- **HOW TO COMPLETE THIS TASK**: Repeat each record exactly. Any picture gets left out.

··· SUPPLIED MATERIAL ···

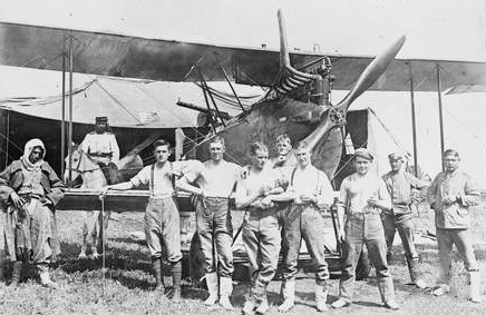 A group of smiling German soldiers and a local man (far left) standing in front of an AEG C.IV aircraft, probably in Palestine.
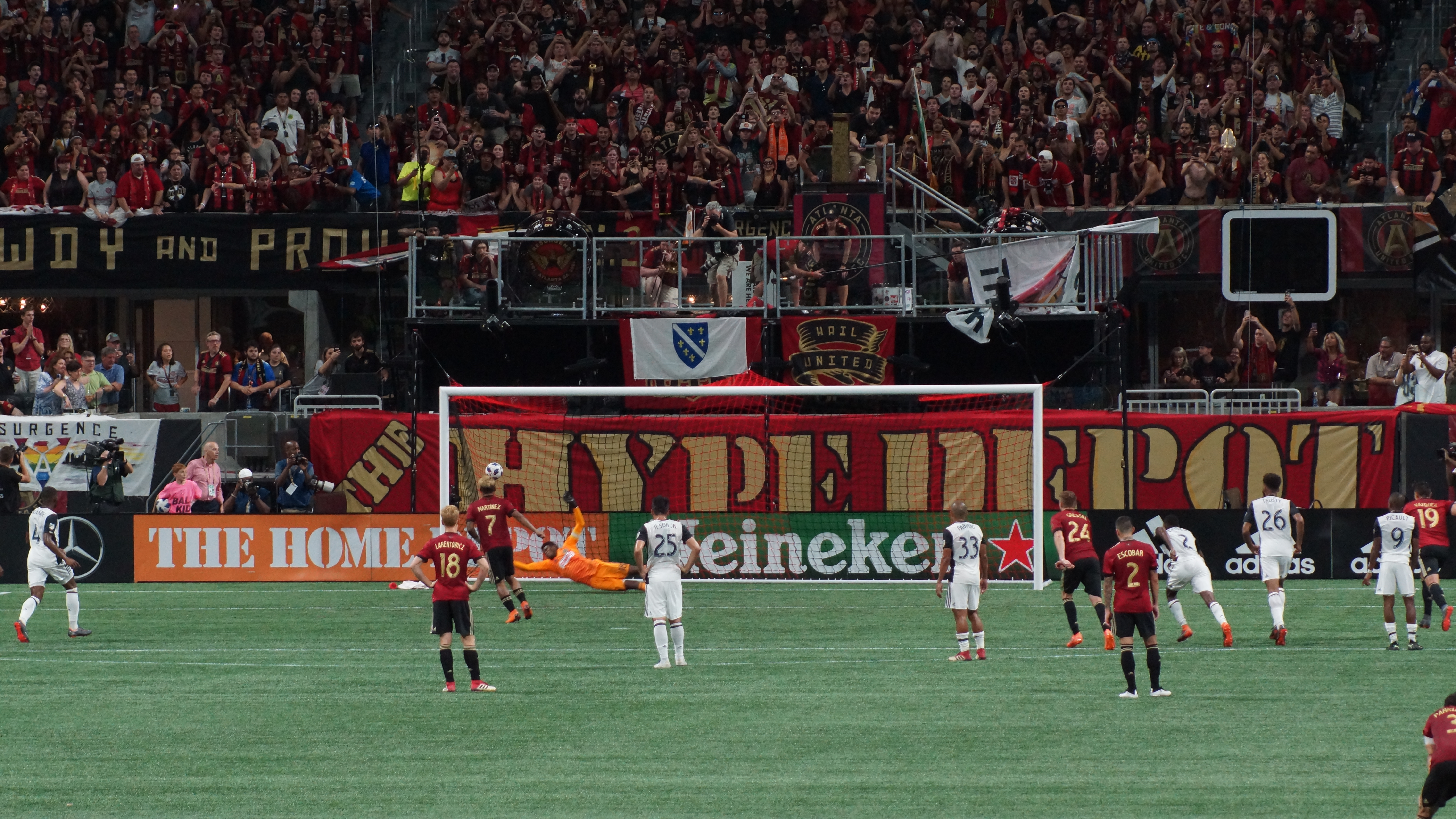 2018-06-02 - Atlanta United vs Philadelphia Union - Martinez scoring
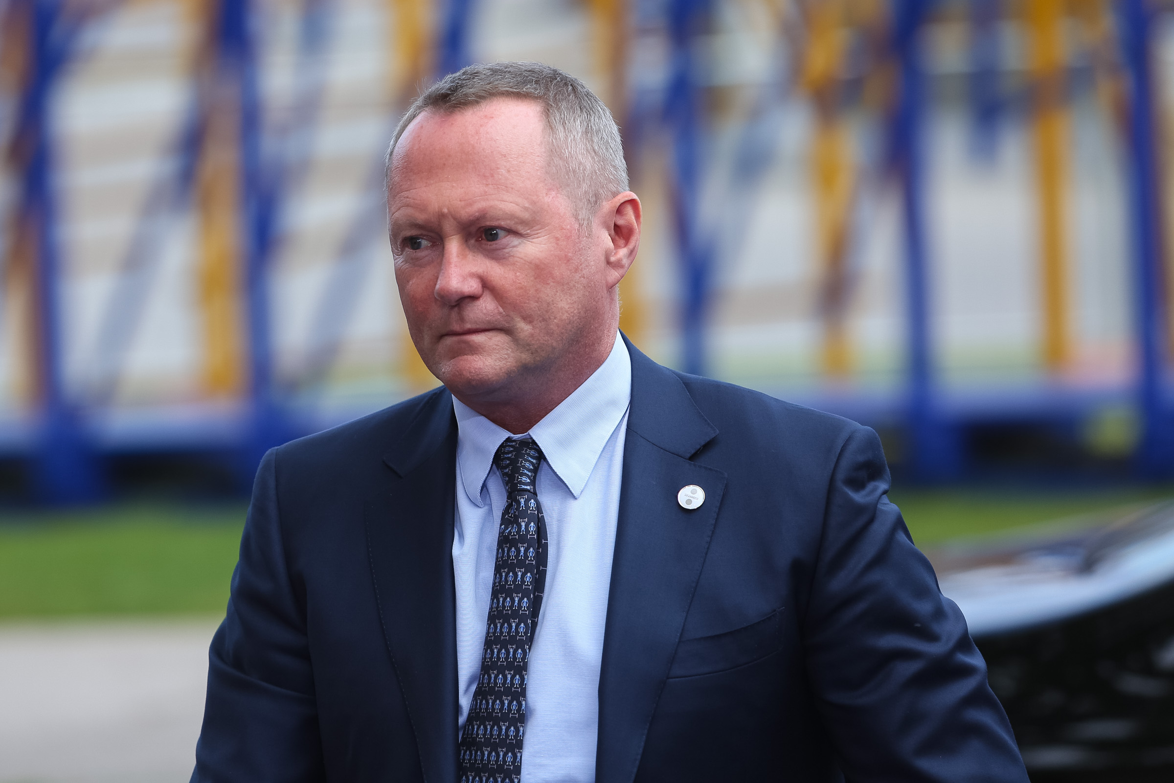 Michael O'Flaherty, Director, EU Agency for Fundamental Rights, FRA
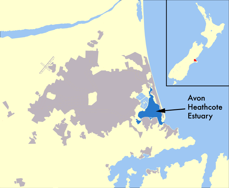 Map showing the location of the Avon Heathcote Estuary, Christchurch, New Zealand
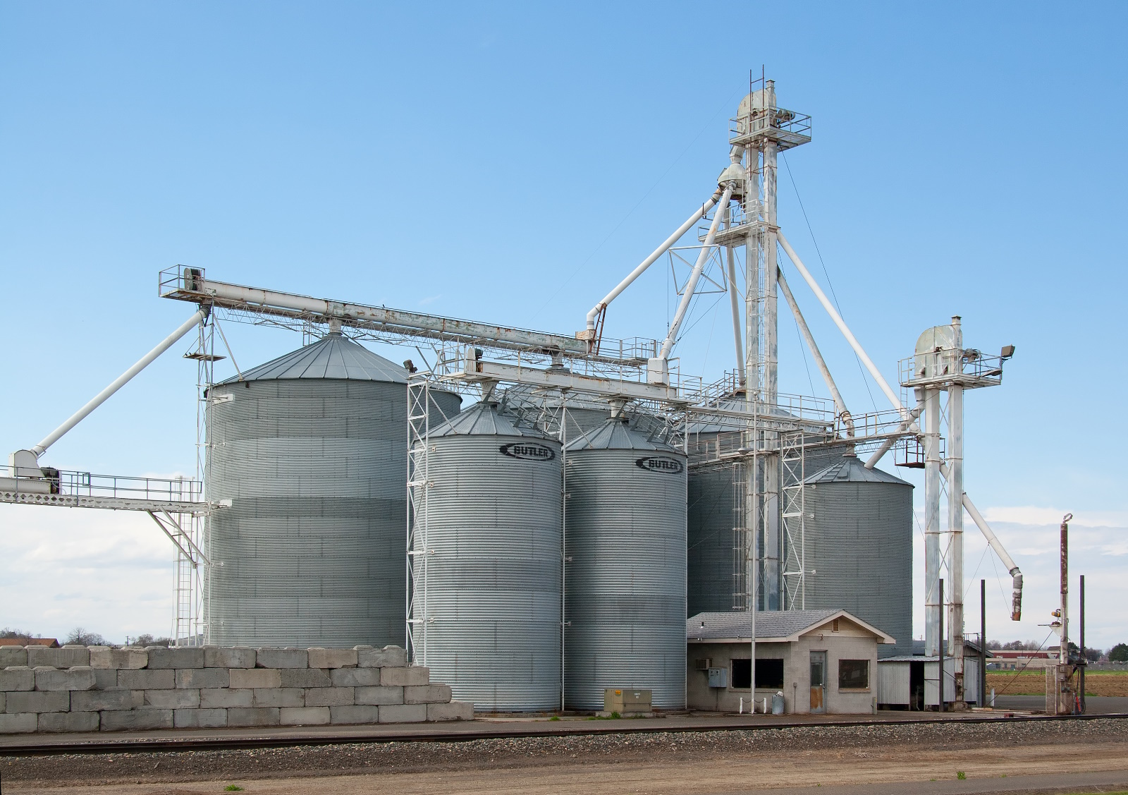 Silos in Sunnyside Washington
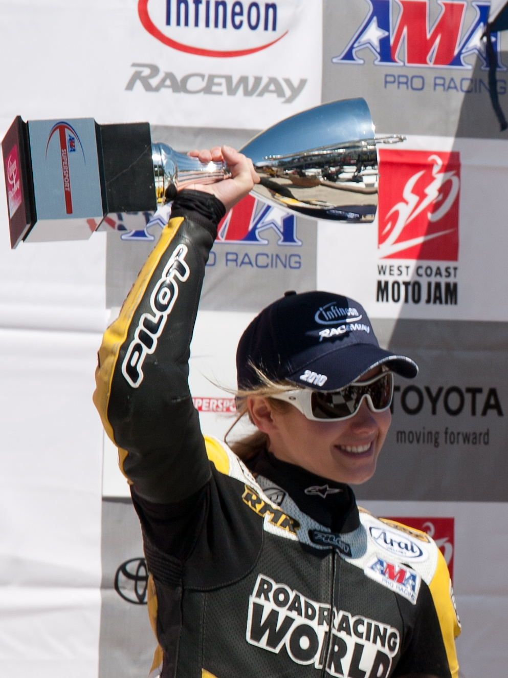 Elena Myers on podium at Infineon Raceway Saturday May 15 2010, the first female rider to win an American Motorcyclist Association Pro Racing event at Infineon Raceway, Sonoma California 2010. Myers placed first in Race 1, Round 1 of the 2010 AMA Pro Supersport Championship.

···

- **OUTPUT OF THE EXERCISE**:
 A group of smiling German soldiers and a local man (far left) standing in front of an AEG C.IV aircraft, probably in Palestine.
 2018-06-02 - Atlanta United vs Philadelphia Union - Martinez scoring
 Michael O'Flaherty, Director, EU Agency for Fundamental Rights, FRA
 Map showing the location of the Avon Heathcote Estuary, Christchurch, New Zealand
 Silos in Sunnyside Washington
 Elena Myers on podium at Infineon Raceway Saturday May 15 2010, the first female rider to win an American Motorcyclist Association Pro Racing event at Infineon Raceway, Sonoma California 2010. Myers placed first in Race 1, Round 1 of the 2010 AMA Pro Supersport Championship.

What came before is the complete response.